The follow-up was this magnificent song, one of The Top Unknown/Underrated Songs of the Rock Era*.  Hard to believe it now, but this song peaked at #32.

Later that year, the group remade the Beatles' "Got To Get You Into My Life" for the movie Sgt. Pepper's Lonely Hearts Club Band, and it became the group's third Top 10 hit.

"Jupiter" from the album is a Top Track*.

The group then released their first compilation, The Best of Earth, Wind & Fire, Vol. 1.  For the occasion, the group recorded a new song, "September", which hit #8 and went Gold.

The album has not sold over five million copies, a good indication of the group's huge and universal appeal.

In 1979, the group combined with the Emotions for the #6 hit "Boogie Wonderland".  All of a sudden, Earth, Wind & Fire had six Gold singles.
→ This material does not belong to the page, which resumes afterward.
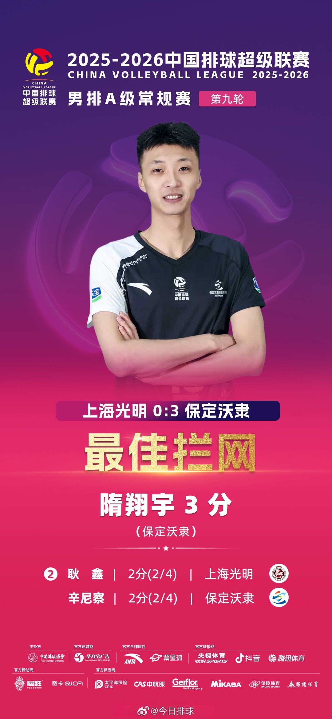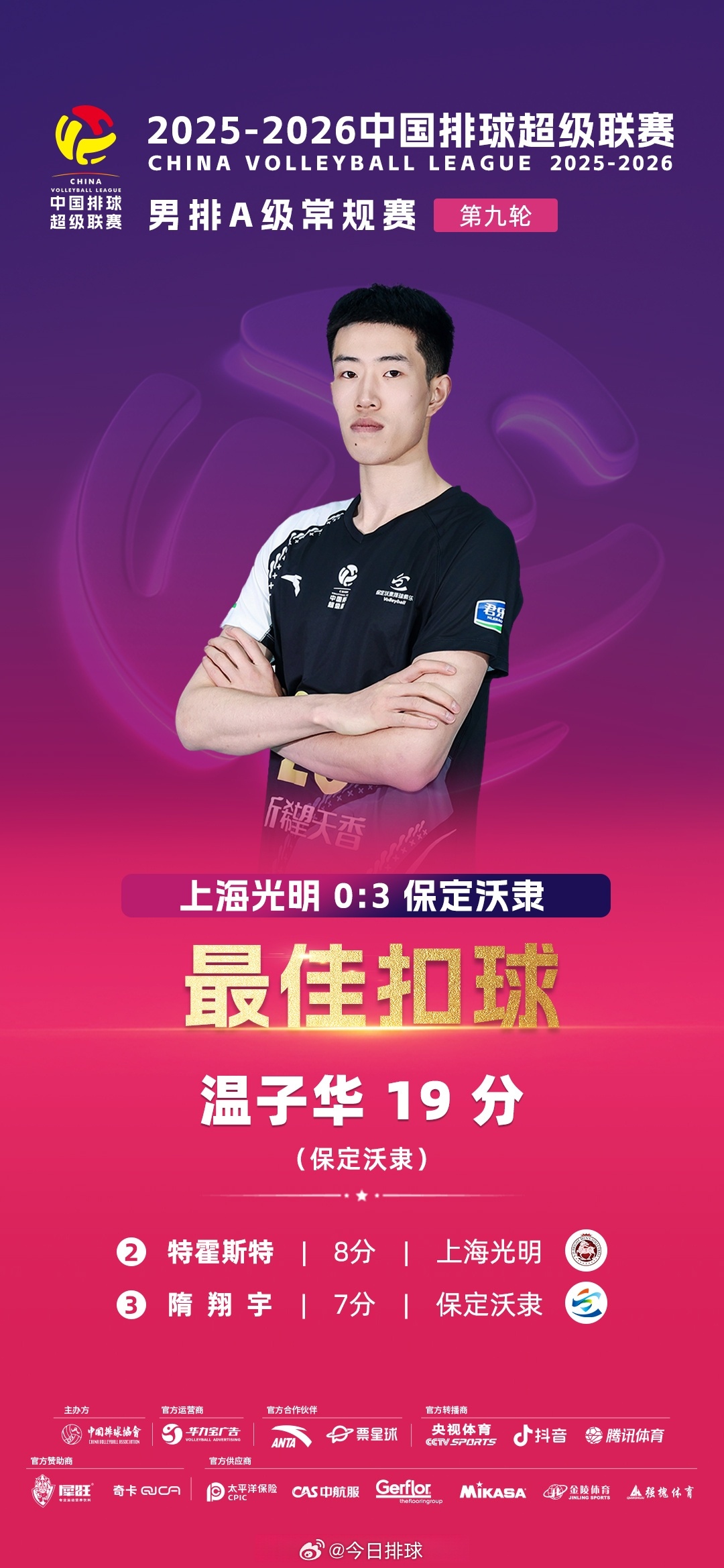 2025-2026中国男排超级联赛 A级常规赛第9轮焦点战 上海光明0-3保定沃隶 之本场最佳——最佳得分:温子华(保定沃隶)21分 最佳扣球:温子华(保定沃隶)19分 最佳拦网:隋翔宇(保定沃隶)3分跃见你我

The album I Am also gave the band one of their biggest career hits, "After The Love Has Gone", which reached #2 and also went Gold.

EWF's last big hit came from the album Raise--"Let's Groove".

White led Earth, Wind & Fire to 33 career hits, with seven of those going Top 10 and one #1.  But many more of the supergroup's songs are either Top Tracks* or among some of The Top Unknown/Underrated Songs of the Rock Era*.

White was a genius who finally found the right combination, and Earth, Wind & Fire generated tremendous excitement at live shows and among its huge legion of fans with each album release.  Another of the greats of the Rock Era has passed--we will greatly miss Maurice White, but we have his fantastic music that will live on.